Particular issues with the unit:
1. 30amp GFCI breaker required at 220V
2. he sends you a little transformer (doorbell type I think) that gets wired in to make the Flow switch trigger the GFCI
3. Heater must go between Pump and Sand Filter, as his service calls over the years have led to finding a VERY small amount from the Sand filter contributes to some failures?
4. Heater has an air port/valve that has to be up and fairly level should any bubbles get trapped in the unit.


My garage set up makes it a bit strange, but I am expecting to be testing flow, GFCI trigger, and Heating power today and tomorrow to be sure it's all going to operate as it should and be safe like it should.

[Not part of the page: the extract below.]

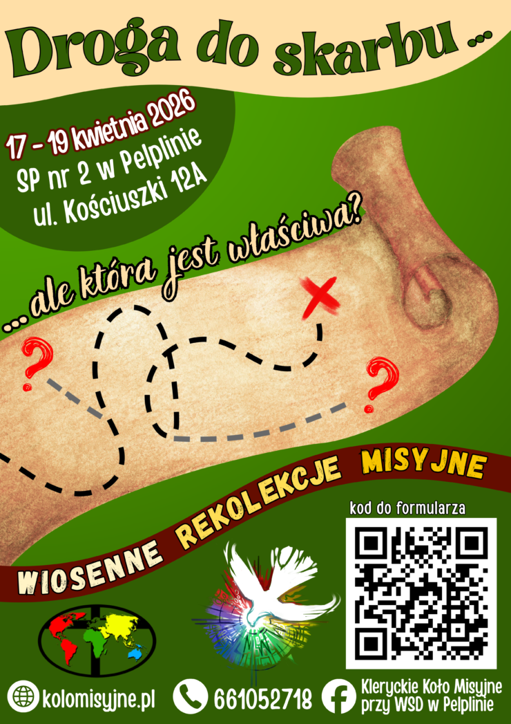 - Rekolekcje będą odbywały się w dniach od 17 do 19 kwietnia 2026 roku w Pelplinie (adres: Szkoła Podstawowa nr 2 w Pelplinie, ul. Kościuszki 12A)

So if you have a cartridge filter: few issues. If you have a sand filter: you need this BETWEEN the pump outlet port and the Sand Filter inlet port.
 
got to juice it up last night. Passed all my GFI testing, flow action, etc.

8:10pm temp was 72.5F from my Bluetooth sensor at the opposite corner from my outlet
10:10pm temp was 73.9F same location

Given the decimal reading might still have a little error, and I purposely put the temp sensor in the corner opposite from the water outlet port, I didn't quite reach my target of 1F/Hr.

I will run more tests of longer durations to see when diminishing returns occur, and since my garage is fully insulated, there should be some heat gain back and forth in the airspace, and then heatsink shared with the water etc. Even in 90+ temps in Oregon, my garage is sitting about 75-77F.

More as I have more temp figures over the coming weeks. Otherwise - it's the only product I found that can work in my weird and difficult situation.

WaveHeater as a product, and the owner as support, has been GREAT though!
 
after an hour on the phone with the manufacturer (Dave, has been really great in helping me figure out my strange install situation!) going through wiring step by step, I had to reroute some hoses.

Particular issues with the unit:
1. 30amp GFCI breaker required at 220V
2. he sends you a little transformer (doorbell type I think) that gets wired in to make the Flow switch trigger the GFCI
3. Heater must go between Pump and Sand Filter, as his service calls over the years have led to finding a VERY small amount from the Sand filter contributes to some failures?
4. Heater has an air port/valve that has to be up and fairly level should any bubbles get trapped in the unit.


My garage set up makes it a bit strange, but I am expecting to be testing flow, GFCI trigger, and Heating power today and tomorrow to be sure it's all going to operate as it should and be safe like it should.


So if you have a cartridge filter: few issues. If you have a sand filter: you need this BETWEEN the pump outlet port and the Sand Filter inlet port.
What do you mean by "trigger the GFCI"? A GFCI is a protection device that when activated disconnects all power on the load side.
 
If you are running the heater and the pump stops for ANY reason, the heater's flow switch is triggered, and my GFCI 30A 220V breaker trips to the middle position. The transformer gives the Flow switch a little help in ensuring the GFCI gets a differential to protect the Heater, the people, and the circuit?

Not an expert, but we tested it twice.
 
It's working quite well in my opinion:
1. check temp of Pool on my Bluetooth sensor
2. estimate how many hours I need the Heater to run
3. head to the garage, turn on pump, walk around to the panel and hit the breaker for the Heater.
4. set kitchen timer/phone timer to remind me of the duration
5. check the temp during the interim
6. swim

Logged more time in the pool this last month with Heater than most of the previous 1.5 years needing a wetsuit for cold temps.

I haven't had a full month to check my power bills but so far I've needed less than 12 hours per week, so it should be about $60 a month for the Heater increase.